あまりにも、ダイレクトな書名でどうかなと思ったが、集大成的な本で、面白かった。
といっても、帯にある天平文化の話は、あまり出て来ず、ほとんどが奈良時代の政変劇について。

奈良時代については、正史である続日本紀にまとめられているのだが、当然、当時の支配者に有利なことしか書かれておらず、同時代の別の記録や、発掘成果から、真実を推理する作業が必要になる。
そして、本書は、著者である木本氏が推理した結果を、基本的な部分の紹介も含めて説明してくれる。

最近の本では、記紀が藤原氏に有利なように書かれ過ぎていて、藤原氏悪人説を強調する本が多いように思うが、本書では、聖武天皇無能説が基軸になっているように読める。
聖武天皇というと、奈良時代のど真ん中に、東大寺を作るなど、功績のあった天皇というイメージがあるが、本書では、自分で何も決められず、特に、後継者を指定しなかったことが、後の大きな混乱を招いたとする。
確かにそうで、特に、平城京に都を戻すまでの混乱や、死後の様々な政変の原因を作ったのが聖武天皇と言われると、反論が難しい。
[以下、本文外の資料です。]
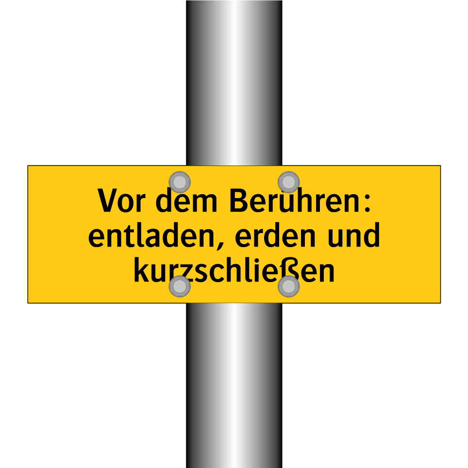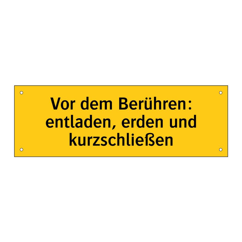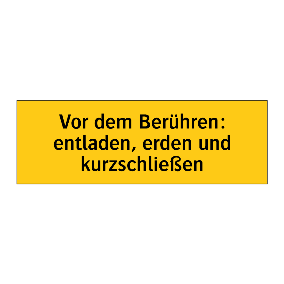 Warnschild mit dem Text Vor dem Berühren: entladen, erden und kurzschließen

反乱と言えば、恵美押勝の乱が最大のものとして思い浮かぶが、一般的には、藤原仲麻呂(恵美押勝)が悪者と捉えられている。
ところが、本書では仕掛けたのは、権力奪回を狙う孝謙太上天皇側で、仲麻呂がその罠に落ちたという解釈をしている。
藤原仲麻呂は、それなりの施政も行っていたし、鑑真の招聘による仏教の普及にも貢献があったとする。
つまり権力争い=単なる政変というわけだ。

それにしても、この短期間の間に、これだけの政変が起こっていたというのは、異常で、まだ天皇を中心とした体制が定まっておらず、群雄割拠の世界から、秩序だった世界へ移る過渡期であったことがうかがえる。
その歴史上の登場人物たちの直筆の文書などが、正倉院に残されたというのも、一方で、奇跡。
三谷幸喜が次に大河ドラマを作るとすれば、奈良時代と言っていたのも、うなずける(ドラマとしては、面白いが、天皇制についての疑念につながるようだと難しい?)。

奈良時代のどろどろした人間模様をうまくまとめてくれている。